Tanzania: Cattle Grazing Threatens Serengeti Ecosystem

Photo: Bruce Hamilton
Serengeti National Park wins tourism award (file photo).

Mara — LOCAL leaders have reported massive migration of cattle into the western Serengeti and are worried that the livestock might cause serious damage to the eco-system.

"There are many herds of cattle invading conservation areas here. They are from the neighbouring districts of Bunda and Musoma rural as well as Bariadi," the Serengeti District Council Vice-Chairman, Mr Jumanne Kwiro, told the 'Daily News'.

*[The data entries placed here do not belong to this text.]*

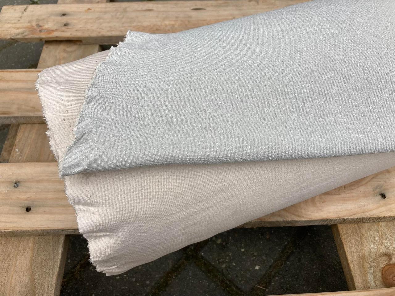 Deadstock, 48% poliester, 40% wiskoza, 6% poliamid, 6% elastan, srebrzysta szarość, szer 144 cm (cena za 0,5m)
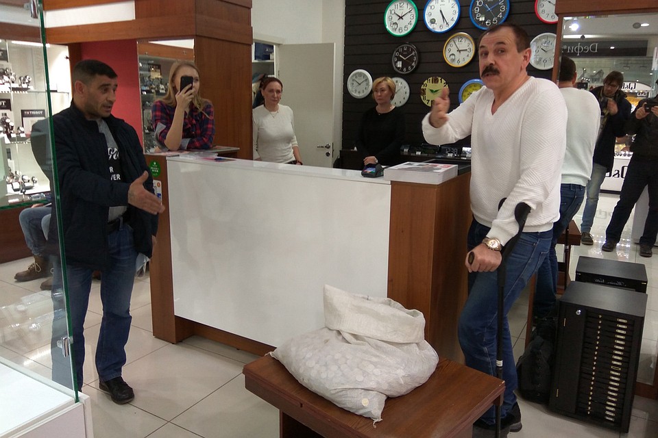 — Это не месть, а мой протест покупательскому экстремизму. Я считаю, покупатель хотел легко срубить денег, пусть попробует донести этот мешок до дому, — заявил владелец магазина часов Евгений Колотилин.
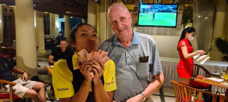 The 4 ball of Diana, Fernando, James LJE & Willi G. teed of at hole 10. Diana and Fernando played their MP game and you could see from the very beginning that Diana was all about Business to get the Job done. Diana started with two solid bogeys with strokes in hand to go an easy 2 up on Fernando. With a HC 24 she was playing close to bogey Golf and scored 47 on the frond 9 to give her a +4 lead in the MP. She continued her steady around bogey Golf the second 9 to finish with 46 and a total of 69 net, winning her MP 5&4.
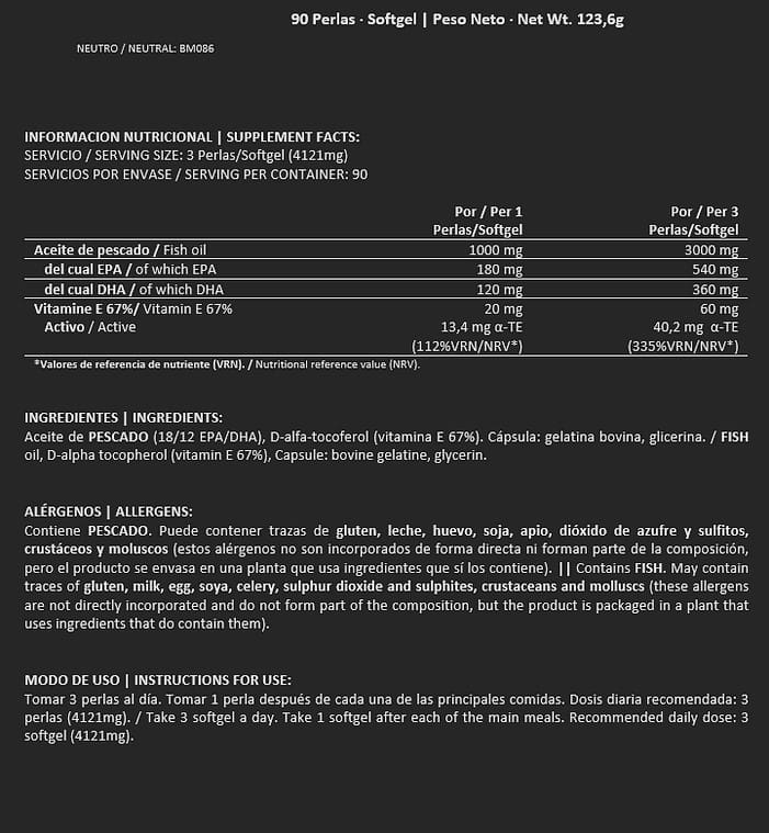 Το Fish Oil Omega 3 της Big Man Nutrition είναι ένα συμπλήρωμα υψηλής καθαρότητας που προσφέρει βέλτιστη αναλογία EPA και DHA — τα δύο πιο σημαντικά ωμέγα-3 λιπαρά οξέα — μαζί με Βιταμίνη E για ισχυρή αντιοξειδωτική προστασία.

The herders are reportedly grazing livestock in some parts of Grumeti Reserves and Ikona Wildlife Management Area (WMA), according to Mr Kwiro. Officials of the game reserves and the WMA were not immediately available for comment.

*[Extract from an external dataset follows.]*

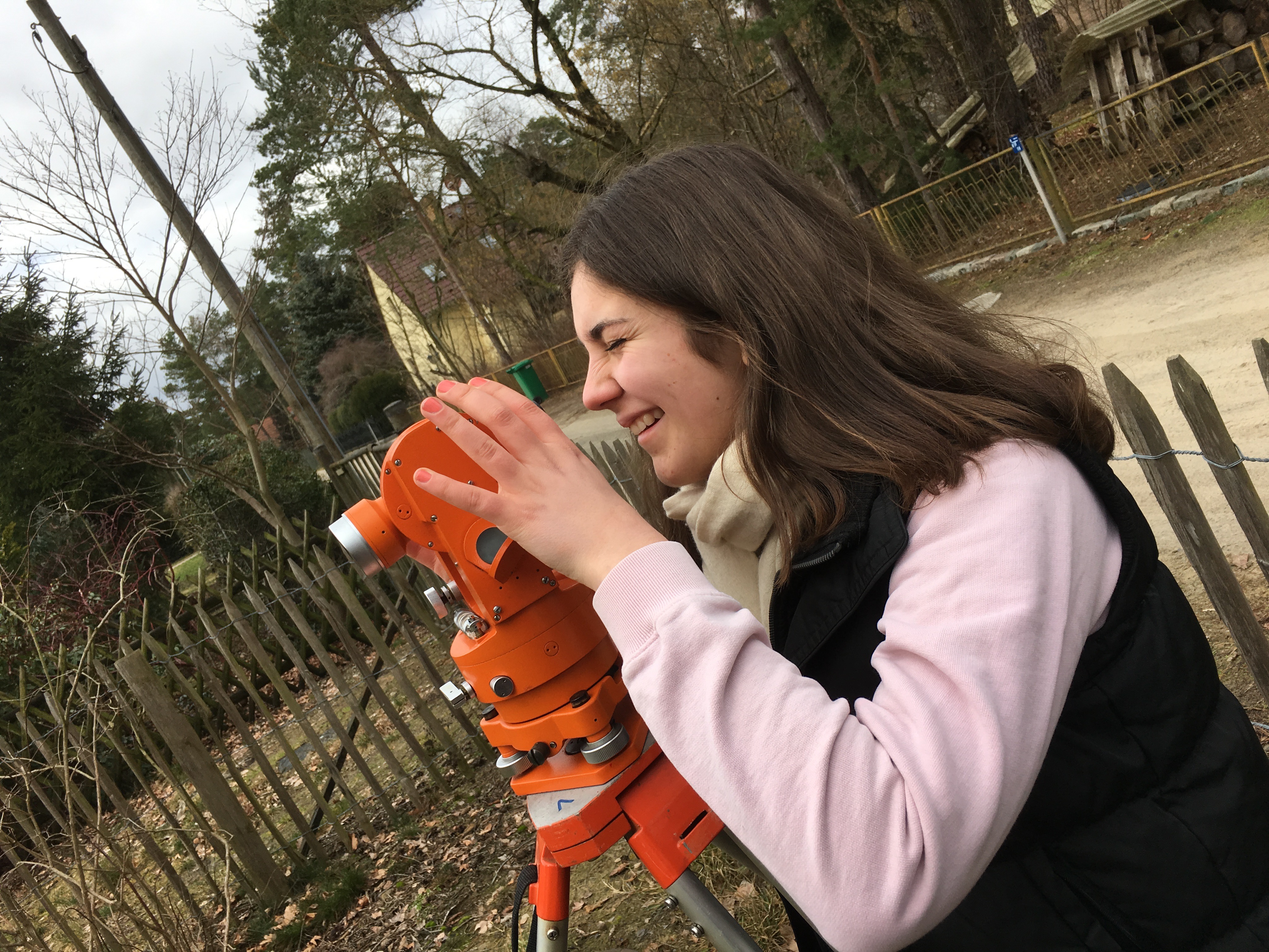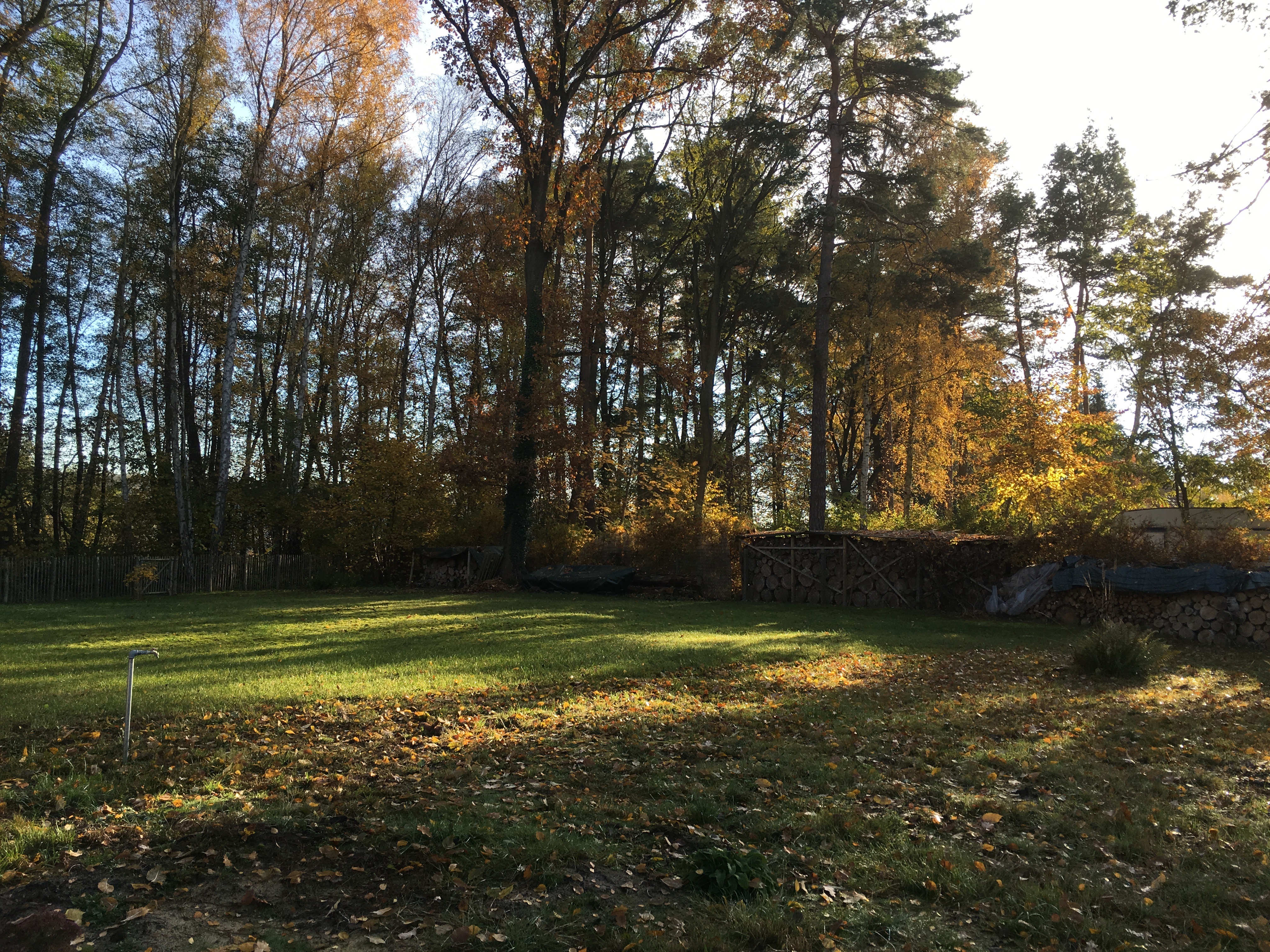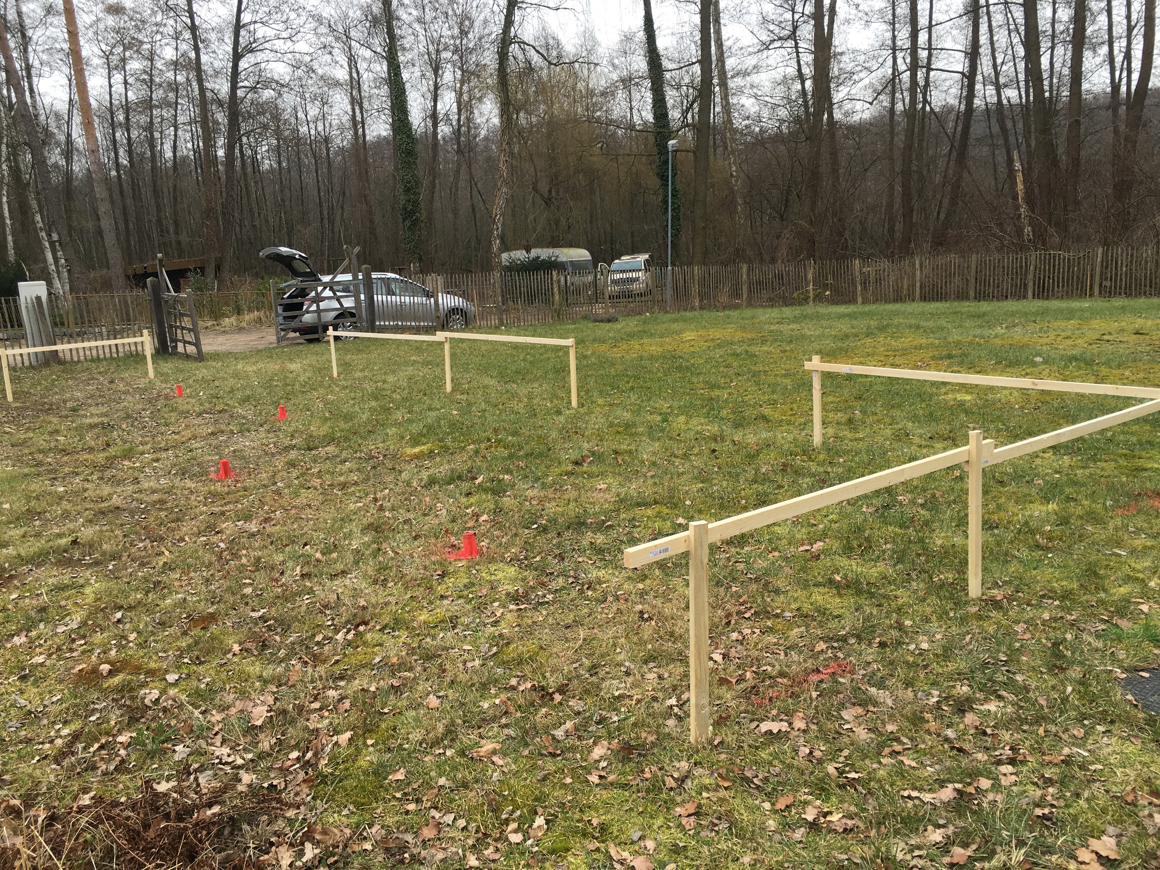 2016 – 03 – 05 während ich das Schnürgerüst gebastelt habe, hat Maija den Rasen vom alten Laub befreit

The game reserves and the WMA host several foreign and local investors contributing significant revenue to the Serengeti District Council and the central government via the Ministry of Tourism and Natural Resources. The protected areas also form part of the annual migration of millions of wildebeest and zebra route.

Mr Kwiro who is also the councillor for Natta Ward (CCM) argued that local communities are currently reluctant to support conservation campaigns on grounds that they were not benefiting from the booming tourism sector in western Serengeti.

"Serengeti investors are not providing jobs to our people and they also don't trade with local business people. They are doing business with people from Arusha and that is why natives here are now welcoming herders from different districts as compared to previous years," the leader claimed.

He cited several tourist hotels located in the world's famous park as some of the investments operating without allegedly making any contribution to uplift the living standards of local communities. He appealed for the immediate intervention of the ministries of Livestock, Tourism and Natural Resources and Local Governments and Regional Administration (TAMISEMI).

"This is a complicated issue that needs joint intervention from the three ministers before the situation gets out of hand," he said. There are unconfirmed reports that herders are bribing village leaders to get grazing space in the area. Officials estimate that around 94 per cent of Serengeti District is made up of game-protected areas including the Serengeti National Park (SENAPA). The park attracts thousands of tourists mainly from overseas every year.